WHAT THE TASK ASKS ::
Take the lines of the data below from the very first through the line containing "商品名称:SMD-3000系列高拍仪基础版" and output them exactly, pictures excluded.

AVAILABLE DATA ::
____________________
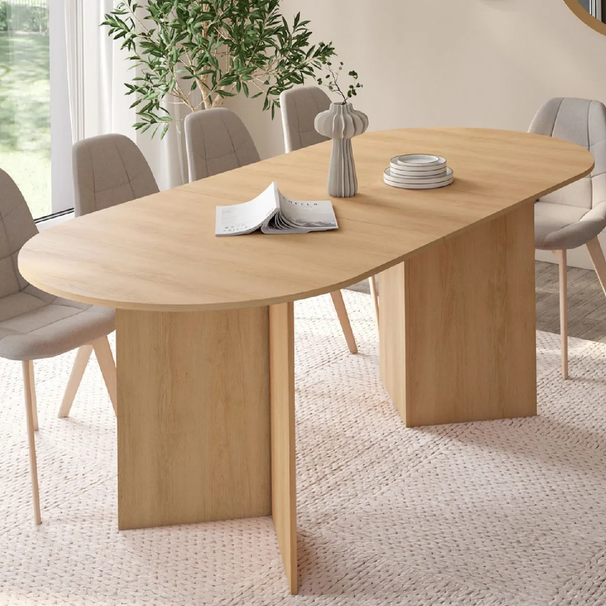 Laissez-vous séduire par la table à manger extensible MARTHE, au design moderne et raffiné. Son plateau ovale extensible et son piétement géométrique en font une pièce maîtresse élégante qui sublimera votre salle à manger.Avec son pied graphique original et son plateau de 160 cm, cette table apporte à la fois modernité et sophistication à votre intérieur. Parfaite pour recevoir vos proches ou travailler confortablement depuis chez vous, elle allie esthétique et praticité.Grâce à son extension de 40 cm, la table MARTHE s'agrandit facilement pour atteindre 200 cm de long. Elle peut ainsi accueillir jusqu'à 10 convives en un clin d'œil, idéale pour les grandes tablées en famille ou entre amis.Sa forme ovale favorise la convivialité tout en facilitant la circulation autour de la table. C'est l'option idéale pour optimiser l'espace sans compromettre le style.Polyvalente et fonctionnelle, la table MARTHE s'intègre dans tous les types d'intérieurs grâce à son coloris bois chaleureux. Son piétement au design audacieux lui confère une allure résolument contemporaine.Optez pour le style moderne et craquez pour la table ovale 6-10 personnes MARTHE 160-200 cm !Dimensions de la table à manger MARTHE Dimensions globales avec l'extension : Longueur 200 cm x largeur 90 x Hauteur 75 cm Dimensions globales de la table repliée : L. 160 x l. 90 x H. 75 cm Matériaux : MDFColoris : boisPeut accueillir jusqu'à 10 convivesÀ monter soi-mêmeDécouvrez l'ensemble de notre collection moderne sur notre boutique en ligne !
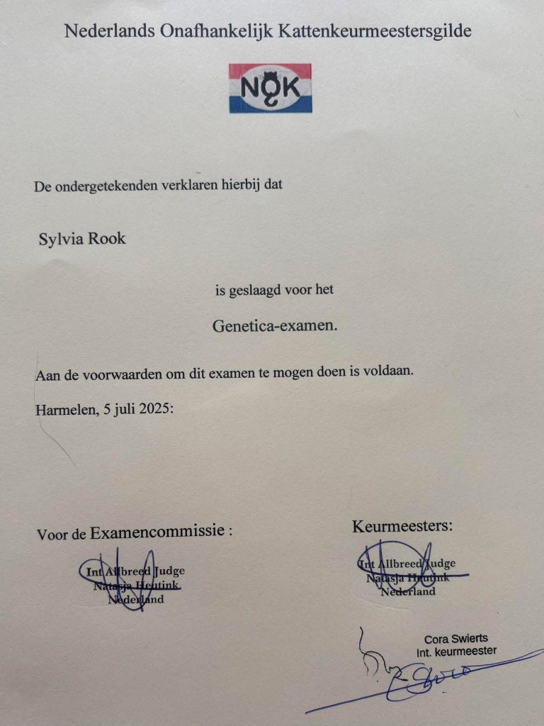 Bij de Nederlandse Onafhankelijke Keurmeestersvereniging (NOKK) heb ik de cursus Kattengenetica gevolgd en met succes afgerond met een examen.
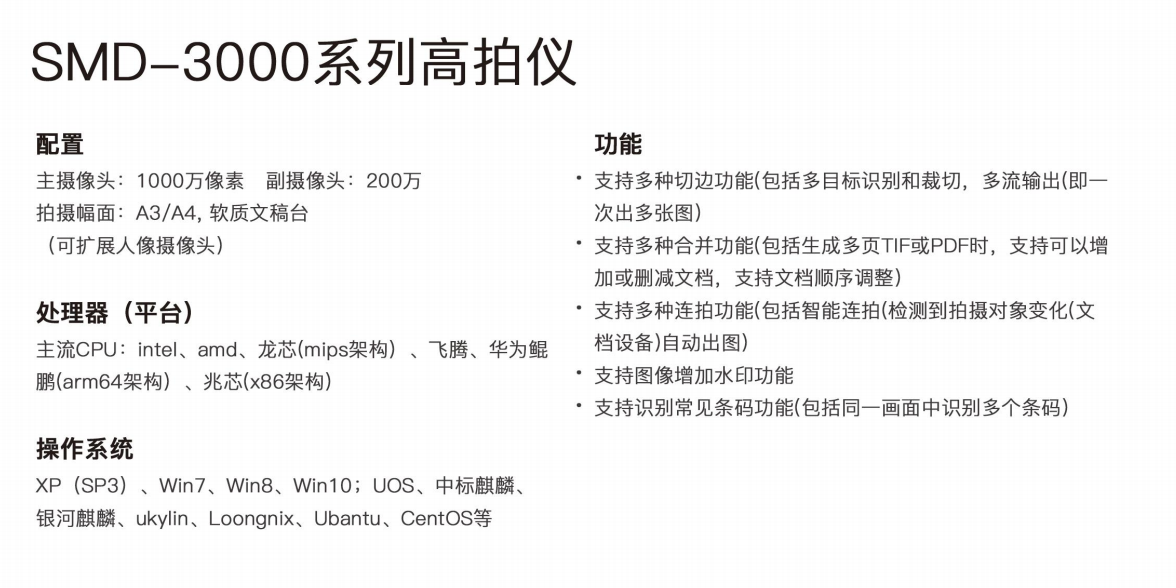 商品名称:SMD-3000系列高拍仪基础版
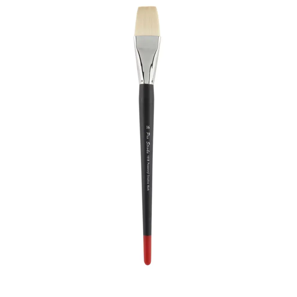 Dive deep into the world of acrylic paint with the Pro Stroke Powercryl Ultimate Acrylic Synthetic Paint Brushes and Synthetic Painting Brush Set. These artists paint brushes can be used with all types of acrylics, from fluid to extra-heavy bodied acrylics! The secret is Powercryl’s proprietary combination of 3 separate diameters of synthetic hair filament. The combination gives Powercryl a silky smooth feel, good absorbency, superb structural ability, and excellent rigidity. Bristles shape to a crisp edge or fine point, hold color well, and can power through the heaviest acrylic load with the utmost control. One of the key features of this artist paint brush is its ability to hold a large amount of paint. This feature allows you to move paint with ease on the canvas, making the process of painting smoother and more efficient. This brush is perfect for everything from fluid to extra-heavy bodied acrylics, and from glazing to heavy impasto techniques. The seamless nickel-plated ferrules provide a secure connection between the brush hairs and the matte black handle, ensuring durability and longevity. The wooden handle, with a red dipped end, offers a comfortable grip for long painting sessions. The bristles of the artistic brushes maintain their shape even after extensive use. Whether you're a professional artist, an enthusiastic amateur, or somewhere in between, the Powercryl Artists' paintbrushes are an essential tool for your art kit. This line is not only an appropriate paintbrush for oil painting, but also works well with other mediums. Choose the Creative Mark Powercryl Acrylic Paint Brush for its crisp brush edges & fine points, and enjoy the reliability and consistency it brings to your artistic endeavors. Whether you are an expert in synthetic brushes for painting or working with small paint brushes for acrylic paint, this artist brush set acrylic is a worthy addition to your collection.
____________________
ANSWER TO THIS PROBLEM ::
 Laissez-vous séduire par la table à manger extensible MARTHE, au design moderne et raffiné. Son plateau ovale extensible et son piétement géométrique en font une pièce maîtresse élégante qui sublimera votre salle à manger.Avec son pied graphique original et son plateau de 160 cm, cette table apporte à la fois modernité et sophistication à votre intérieur. Parfaite pour recevoir vos proches ou travailler confortablement depuis chez vous, elle allie esthétique et praticité.Grâce à son extension de 40 cm, la table MARTHE s'agrandit facilement pour atteindre 200 cm de long. Elle peut ainsi accueillir jusqu'à 10 convives en un clin d'œil, idéale pour les grandes tablées en famille ou entre amis.Sa forme ovale favorise la convivialité tout en facilitant la circulation autour de la table. C'est l'option idéale pour optimiser l'espace sans compromettre le style.Polyvalente et fonctionnelle, la table MARTHE s'intègre dans tous les types d'intérieurs grâce à son coloris bois chaleureux. Son piétement au design audacieux lui confère une allure résolument contemporaine.Optez pour le style moderne et craquez pour la table ovale 6-10 personnes MARTHE 160-200 cm !Dimensions de la table à manger MARTHE Dimensions globales avec l'extension : Longueur 200 cm x largeur 90 x Hauteur 75 cm Dimensions globales de la table repliée : L. 160 x l. 90 x H. 75 cm Matériaux : MDFColoris : boisPeut accueillir jusqu'à 10 convivesÀ monter soi-mêmeDécouvrez l'ensemble de notre collection moderne sur notre boutique en ligne !
 Bij de Nederlandse Onafhankelijke Keurmeestersvereniging (NOKK) heb ik de cursus Kattengenetica gevolgd en met succes afgerond met een examen.
 商品名称:SMD-3000系列高拍仪基础版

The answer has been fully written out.